Everything You Need to Know About Parsnips
Parsnips are white root vegetables that look very much like a cream-coloured carrot. They have a wonderful light, spicy-sweet flavour that has a hint of nuttiness while being slightly earthy tasting. They are a perfect addition to a soup or stew or can be roasted until caramelized as a hearty side dish. We love them and so does Profession Home Economist Mairlyn Smith who showcased parsnips in their own feature on Breakfast Television (click here to watch the link).
How to Select and Store Parsnips
Choose parsnips that are small to medium sized, as the larger ones tend to have a woody core that needs to be removed before cooking. You want to look for parsnips that are pale, firm, smooth, and well-shaped – avoid those that are limp, shriveled, browned, blemished and/or sport soft spots
To keep your parsnips fresh and crisp, store them in a bag in the crisper, just like you would carrots.
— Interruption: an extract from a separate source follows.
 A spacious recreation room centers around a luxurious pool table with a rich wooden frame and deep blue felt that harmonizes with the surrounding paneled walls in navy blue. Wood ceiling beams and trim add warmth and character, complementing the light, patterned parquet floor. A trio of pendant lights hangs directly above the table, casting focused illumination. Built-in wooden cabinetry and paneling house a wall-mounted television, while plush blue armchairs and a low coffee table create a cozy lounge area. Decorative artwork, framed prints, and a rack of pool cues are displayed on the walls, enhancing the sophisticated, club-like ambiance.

They will keep there for up to three weeks.
How to Prepare Parsnips
Scrub well and peel with a vegetable peeler. If you happen to have large parsnips, cut out the woody stems and discard. Also, trim and discard both ends. When preparing, you can either leave them whole, dice, slice, or grate depending on what you’d like to do with them.
If you choose to boil, broil, steam, purée, or roast parsnips, keep in mind that you can use them just as you would use a carrot.
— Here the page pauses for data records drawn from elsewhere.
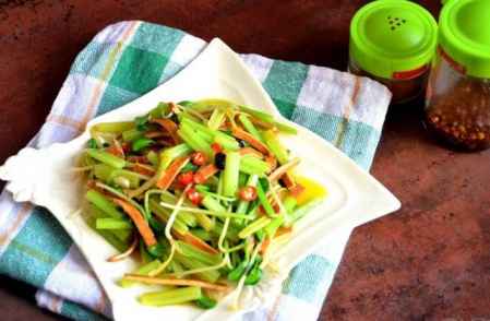 春天容易上火,不同于夏天的“湿热”,属于“燥热”。被古人称为“种生”的豆芽最适合春天吃,因为它能帮助五脏从冬藏转为春生。豆芽有清热的功效,有利于肝气疏通、健脾和胃。黄豆芽健脾养肝,其中维生素B2含量较高,春季适当吃黄豆芽有助于预防口角发炎。绿豆芽容易消化,具有清热解毒、利尿除湿的作用。黑豆芽含有丰富的钙、磷、铁、钾等矿物质及多种维生素,含量比绿豆芽还高。一般在芽高3-10厘米时食用。食材:芹菜、黑豆芽、卤豆干、1个辣椒、姜5克、3/4茶匙盐、1/4茶匙蘑菇精、适量水淀粉、植物油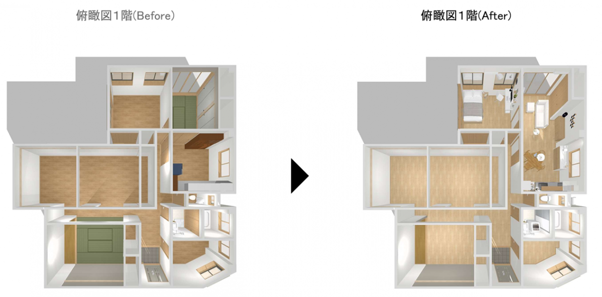 細かく区切られた昔ながらの間取りを見直し、現代的な間取りへ。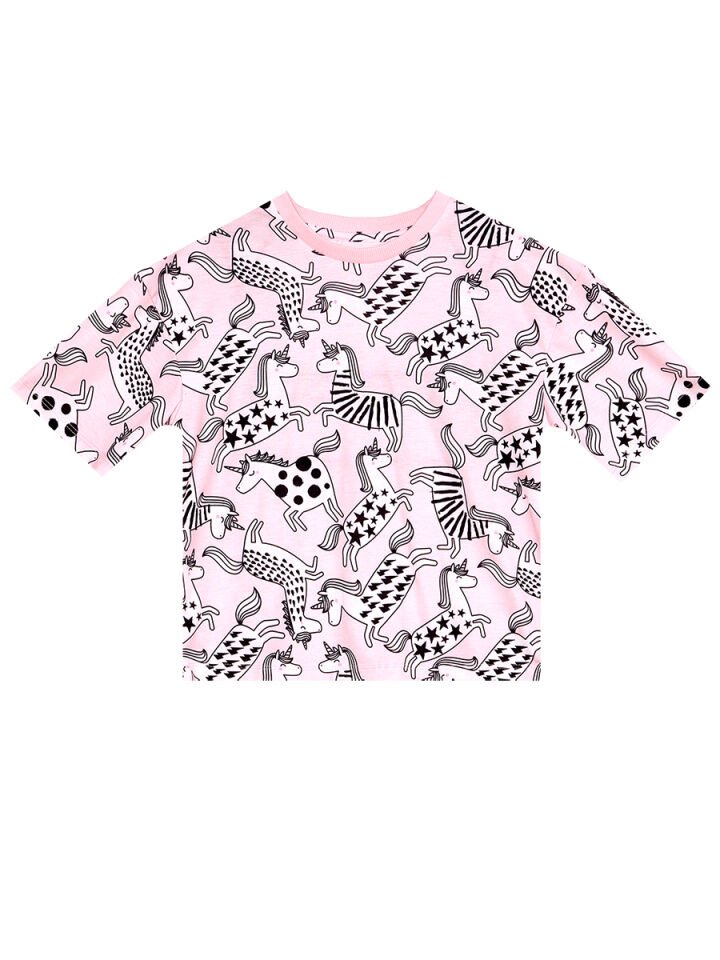 2 parça takım. Üzeri unicorn baskılı, crop-top kesim t-shirt. Pamuklu, antresit melanj kumaştan mini şort. Şortun bel lastiği verev kesimlidir. Tüm MSHB&G ürünleri çocuk güvenlik kurallarına uygun olarak üretilmekte ve iğne dedektörlerinden geçmektedir. Üst: %90 Polyester %10 Elastan - Alt: %50 Pamuk %50 Polyester

Important to Note: 1 pound = 4 medium parsnips or 2 cups peeled and chopped
•Savor the nutrients and don’t bother peeling young, small parsnips. Just gently scrub them to remove any dirt and serve them whole.
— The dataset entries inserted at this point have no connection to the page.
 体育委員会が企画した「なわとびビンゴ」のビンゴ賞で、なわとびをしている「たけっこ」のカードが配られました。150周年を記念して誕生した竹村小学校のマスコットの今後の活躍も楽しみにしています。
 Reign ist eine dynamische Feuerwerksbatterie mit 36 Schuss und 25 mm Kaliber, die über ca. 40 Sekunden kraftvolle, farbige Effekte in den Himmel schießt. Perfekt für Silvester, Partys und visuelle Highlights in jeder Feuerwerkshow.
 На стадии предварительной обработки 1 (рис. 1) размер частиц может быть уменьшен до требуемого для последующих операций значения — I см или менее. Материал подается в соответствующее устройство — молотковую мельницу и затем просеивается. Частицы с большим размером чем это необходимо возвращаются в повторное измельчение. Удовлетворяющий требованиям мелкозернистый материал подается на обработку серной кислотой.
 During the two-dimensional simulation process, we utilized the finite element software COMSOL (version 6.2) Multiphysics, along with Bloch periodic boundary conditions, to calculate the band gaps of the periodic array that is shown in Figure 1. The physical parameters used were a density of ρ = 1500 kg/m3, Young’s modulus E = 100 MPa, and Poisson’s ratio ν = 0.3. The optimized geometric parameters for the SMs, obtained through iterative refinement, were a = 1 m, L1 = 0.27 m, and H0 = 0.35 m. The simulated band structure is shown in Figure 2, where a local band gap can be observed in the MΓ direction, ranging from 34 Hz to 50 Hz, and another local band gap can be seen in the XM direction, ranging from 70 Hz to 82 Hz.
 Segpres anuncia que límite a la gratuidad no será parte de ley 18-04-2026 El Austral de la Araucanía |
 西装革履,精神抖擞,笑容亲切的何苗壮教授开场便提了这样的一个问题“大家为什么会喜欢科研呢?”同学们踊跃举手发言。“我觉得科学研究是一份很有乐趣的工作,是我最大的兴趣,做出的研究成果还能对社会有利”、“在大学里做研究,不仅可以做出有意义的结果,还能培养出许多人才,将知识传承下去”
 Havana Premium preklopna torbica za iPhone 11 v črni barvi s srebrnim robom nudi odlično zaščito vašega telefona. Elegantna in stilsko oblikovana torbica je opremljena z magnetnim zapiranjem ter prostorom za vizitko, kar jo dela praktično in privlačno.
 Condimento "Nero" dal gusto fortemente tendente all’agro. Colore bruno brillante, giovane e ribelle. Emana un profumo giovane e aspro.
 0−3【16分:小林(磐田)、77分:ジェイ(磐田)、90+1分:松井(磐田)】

•When dealing with older parsnips, peel very thinly to avoid waste. Make a judgment call on whether the central core is too fibrous and tough to be cooked.
•Overcooking parsnips will turn them mushy, so just cook them until tender unless you are puréeing them.
•Cut your parsnips into small pieces and they can easily be sautéed alongside your favorite veggies. Alternatively, roast them to add another dimension of caramelized flavor.
•Like a potato, parsnips will brown after they’ve been cut, peeled, and exposed to air for too long. To prepare parsnips ahead of time, peel them and place in water or sprinkle with lemon juice to keep them from browning.
•Small, younger parsnips are more tender and can be peeled or grated to add to a salad.
•Carrots and parsnips are interchangeable in most recipes.
Parsnips Go Well With
Sweet: maple syrup and brown sugar
Spices: nutmeg, ginger, garlic, and pepper
Herbs: parsley, sage, and thyme
Fruits & Vegetables: carrots, apples, potatoes, carrots, pears, spinach
Savory: pork, chicken
Parsnip Serving Ideas
•Add boiled parsnips to your mashed potatoes for a subtly sweet flavor and more fiber.
•Roasted parsnips taste wonderful over a warm quinoa salad. Bring out their nutty flavor by adding some walnuts or pecans as well.
•Parsnips and apples are such a classic flavor match: try using it in soups, pies, or even breads.
•You can grate small, young parsnips for salad to enjoy them raw. Try our Carrot, Parsnip, Apple Salad
•Add some crunch to soups or softer foods: use a vegetable peeler to shave off ribbons of parsnip and flash-fry them in oil until crisp. Remove from oil and let drain on some paper tower. They’ll naturally add more movement and texture to your dish.
•Enjoy parsnips roasted are a delicious side dish and then use any leftovers in soup.
•Try making healthy vegetable chips with them.
The recommended daily intake for vitamins and nutrients, 100 g of raw parsnips contain only 75 calories but pack 14% of your daily fiber, 30% of folate, 12% of magnesium, 11% of potassium, and 4% of iron.